I don’t know either of these people, but I am certain the choice to leave the relationship was not literally only about the incident described.
All we have to go on are a few words from someone not even in the relationship, so all we can do is project our own ideas and feelings from our own experiences and imaginations into the situation.
If that’s what you’re asking about, then in my case, apart from mainly being massively certain that the situation is at least 10,000 times more complicated and not really about this incident, I would tend to project and imagine that:
* She may not have liked “LUV” as a form of “love”.
* She may also have felt that if someone loves someone clearly, they might tend to want to use the clearest form to express it rather than a bent version.
* She may have felt the correction was a playful, loving, and/or fun tease.

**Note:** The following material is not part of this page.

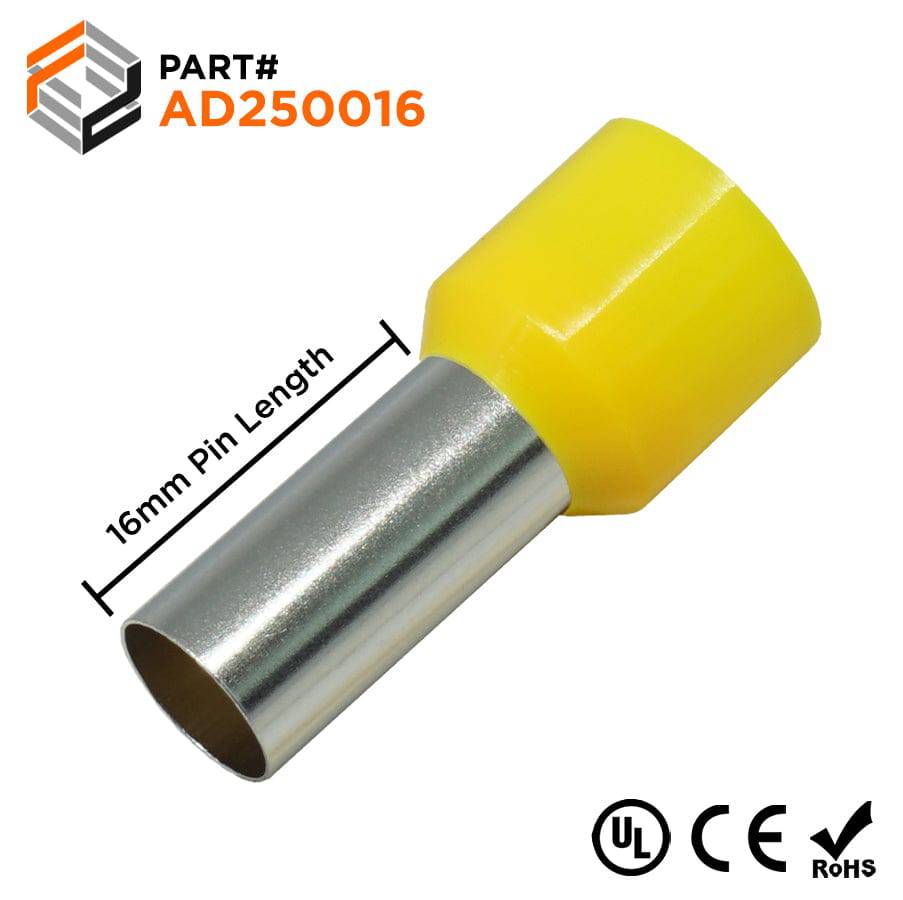 AD250016 - 4 AWG Insulated Wire Ferrules, 16mm Pin, Yellow, UL Recognized, 100 Pieces

* Or who knows what she was thinking/intending – certainly not me, and probably not him.
* He probably wasn’t actually clear about his feelings about her and the relationship, as hinted both by his perhaps-subconscious use of the corrupted spelling “LUV”, and certainly by his change of commitment to the proposal reportedly merely due to this minor occasion.
* He may have had other indications that there were characteristics of the relationship and/or her behavior that would not work out for him and/or the relationship, and this just act just resonated in his feelings (which are no doubt rooted in his own psychological material), and so he became suddenly aware of that, and so his perspective shifted.
* In any case, if this event results in a change in his thinking about wanting to propose marriage, then he was ultimately correct to at least not want to get married. (Whether or not it also warranted leaving the relationship, again, I have no information with which to even speculate.)